■ Problem details: Nothing but the lines from the one containing "Oaxaca City is" to the end of the data should be copied, exactly, and the pictures stay out.

---

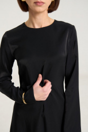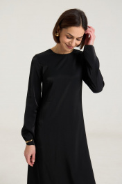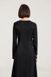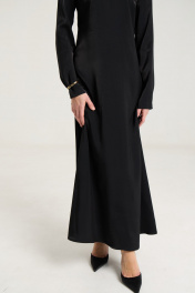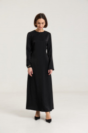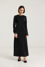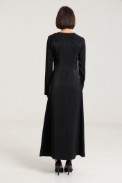 Платье в длине макси в черном цвете, полуприлегающего силуэта,расклешенное к низу, застежка в среднем шве на потайную молнию. Рукав втачной, прямой, по спинке талиевые выточки, по переду нагрудные выточки. Выполнено из лекой ткани с блеском, очень красиво передивается и придает образу изысканность и лоск. Платье без подкладки. Длина по спинке 128 см, длина рукава - 62 см, полуобхват груди -44 см, полуобхват спинки в 42-м размере.
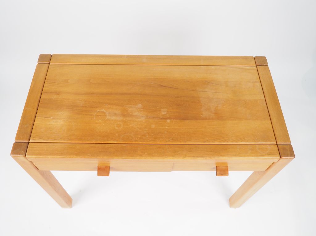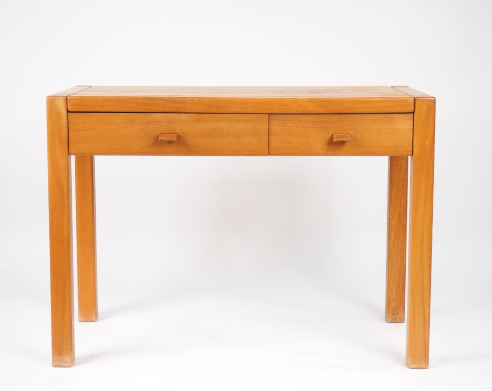 Maison REGAIN. Bureau en orme massif, ouvrant à un tiroir en ceinture agrémenté de deux languettes de cuir. Dim. 77 x 107 x 52 cm.
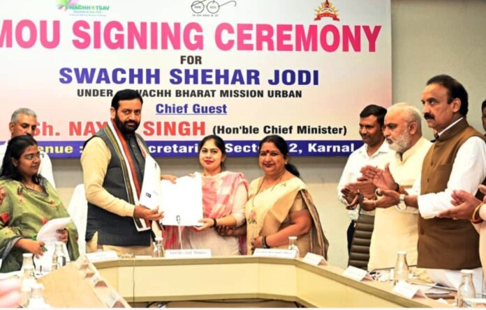 करनाल- करनाल के जिला सचिवालय सभागार में स्वच्छ भारत मिशन (शहरी) के तहत स्वच्छ शहर जोड़ी-समझौता ज्ञापन हस्ताक्षर समारोह का आयोजन किया गया जिसमें मुख्यमंत्री नायब सिंह सैनी ने बतौर मुख्य अतिथि शिरकत की। स्वच्छता के प्रति मार्गदर्शन के लिए करनाल नगर निगम की ओर से प्रदेश के 5 शहरों की नगर पालिकाओं के साथ एमओयू किया गया। केंद्रीय ऊर्जा, आवासन व शहरी कार्य मंत्री मनोहर लाल सोनीपत से वीडियो कांफ्रेंसिंग के जरिए देश की विभिन्न निकाय संस्थाओं से जुड़े और स्वच्छ शहर जोड़ी पर प्रकाश डाला।
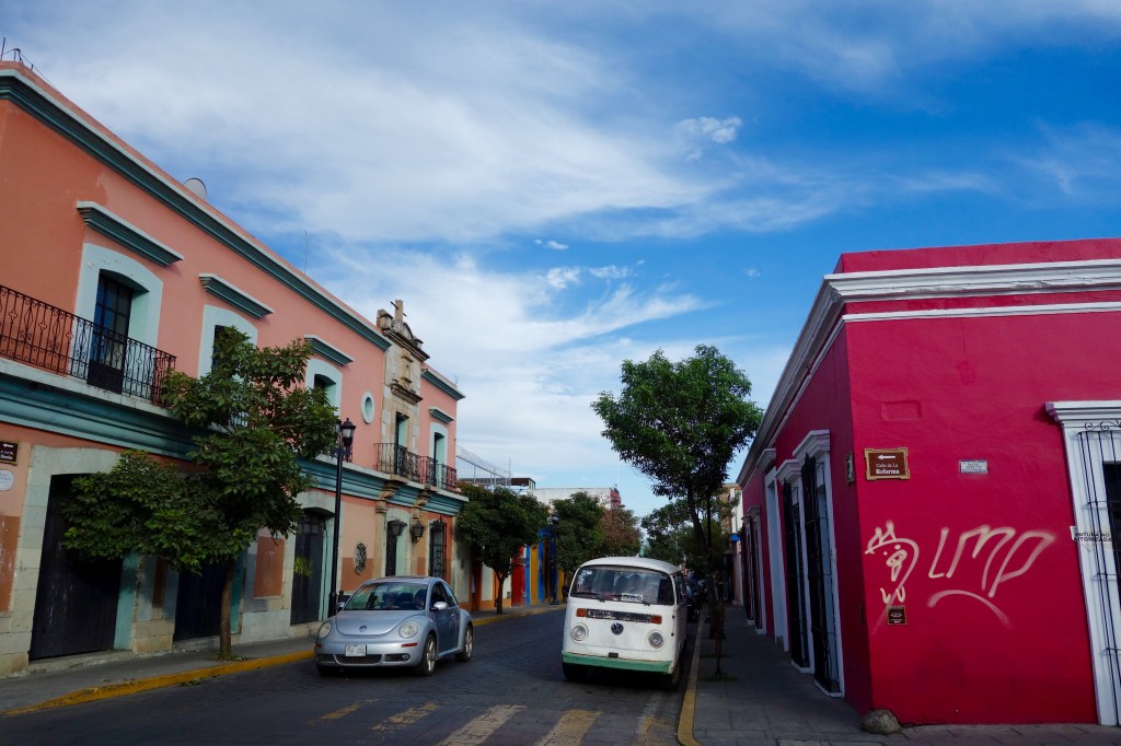 Oaxaca City is so beautiful. Alongside the physical beauty–of bountiful blue skies and bougainvilleas, cobblestones and colonial buildings–there is a strong indigenous presence in the city’s culture and people. Then add in the stellar street food and markets, tacos and tlayudas–and Oaxaca takes it another level.
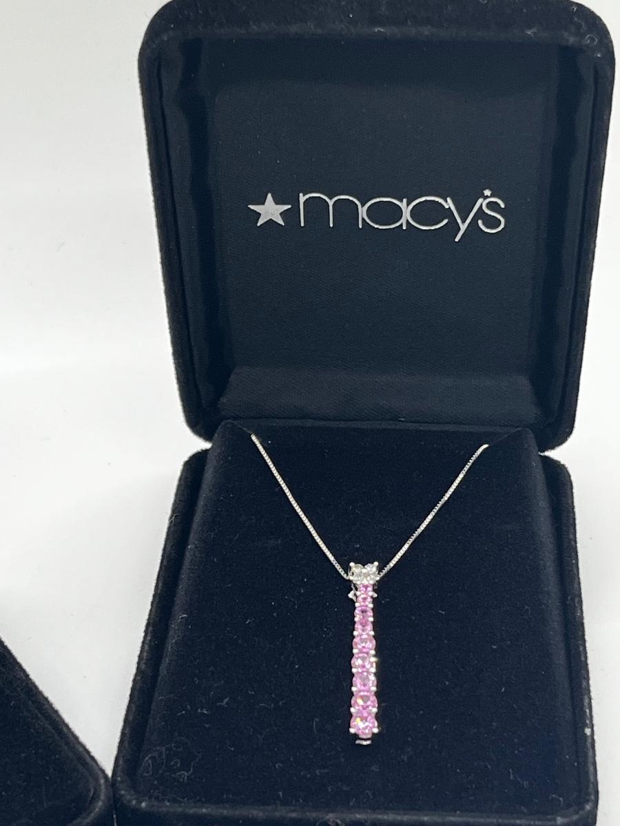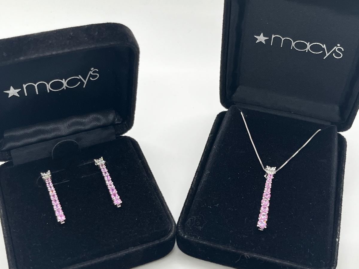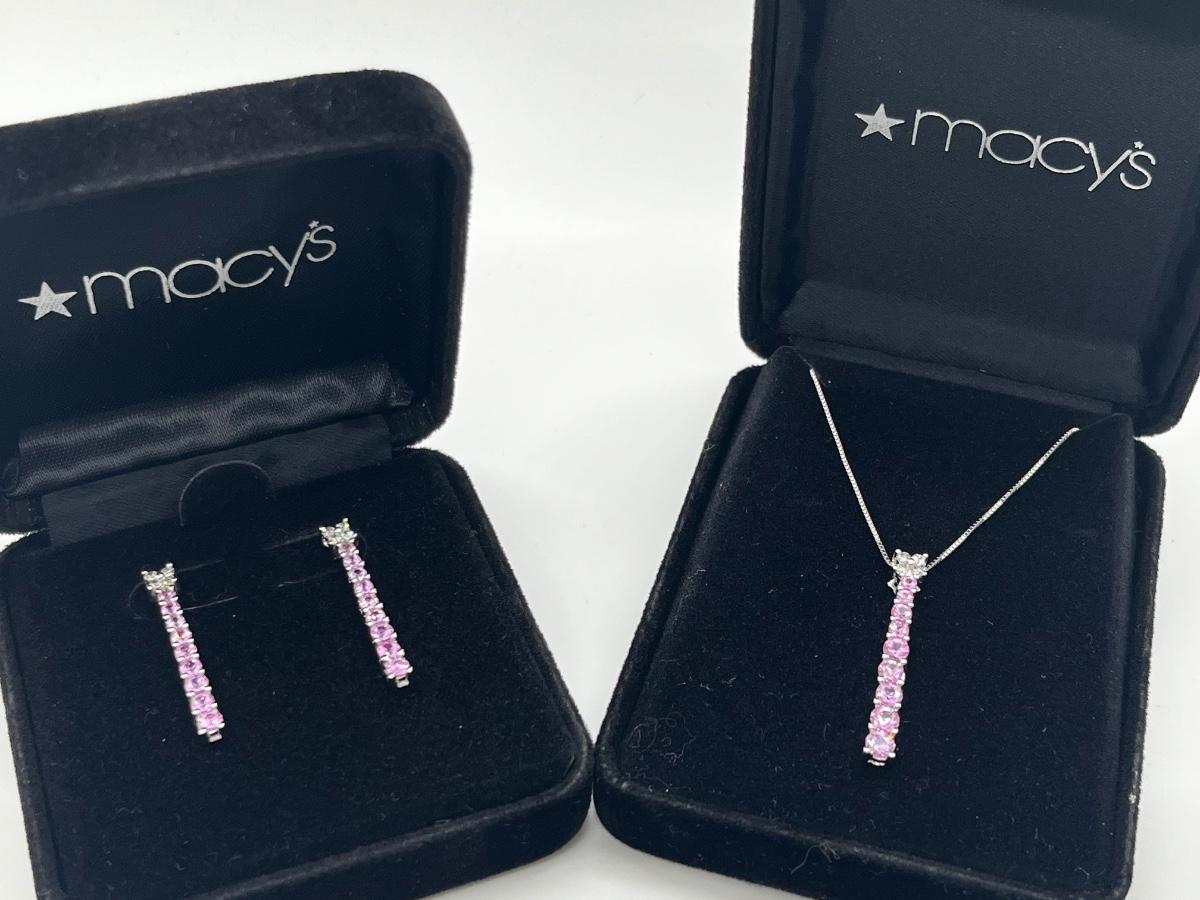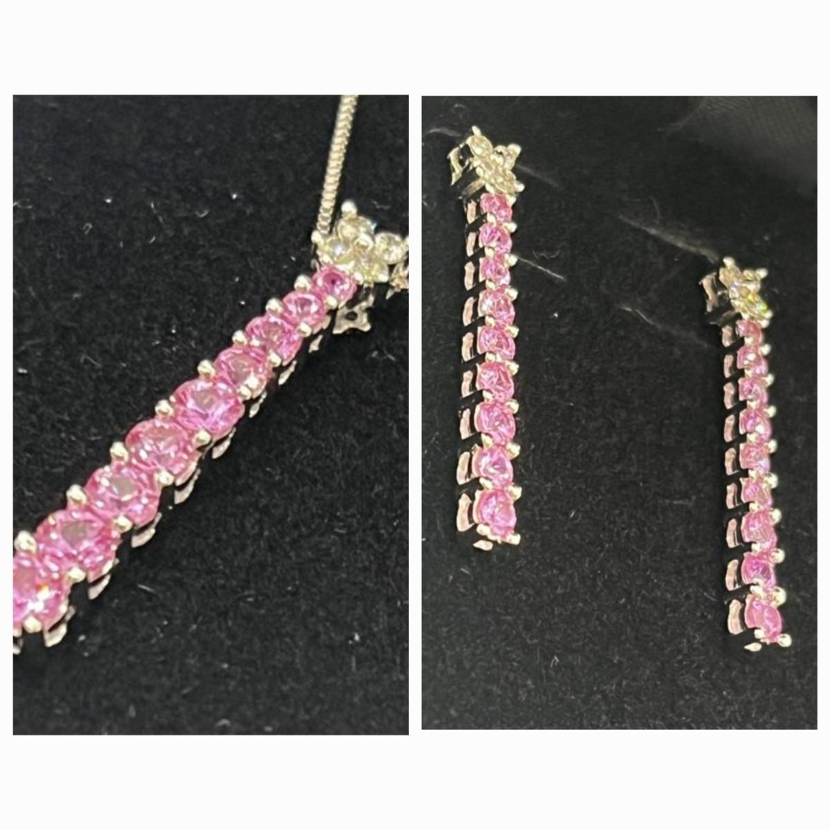 LOT 288J: NEW in Box! Gorgeous 14K White Gold with Clear and Pink DIAMOND Pendant and Earrings-Made in Italy 6.4gtw

---

■ Solved exercise:
 Oaxaca City is so beautiful. Alongside the physical beauty–of bountiful blue skies and bougainvilleas, cobblestones and colonial buildings–there is a strong indigenous presence in the city’s culture and people. Then add in the stellar street food and markets, tacos and tlayudas–and Oaxaca takes it another level.
 LOT 288J: NEW in Box! Gorgeous 14K White Gold with Clear and Pink DIAMOND Pendant and Earrings-Made in Italy 6.4gtw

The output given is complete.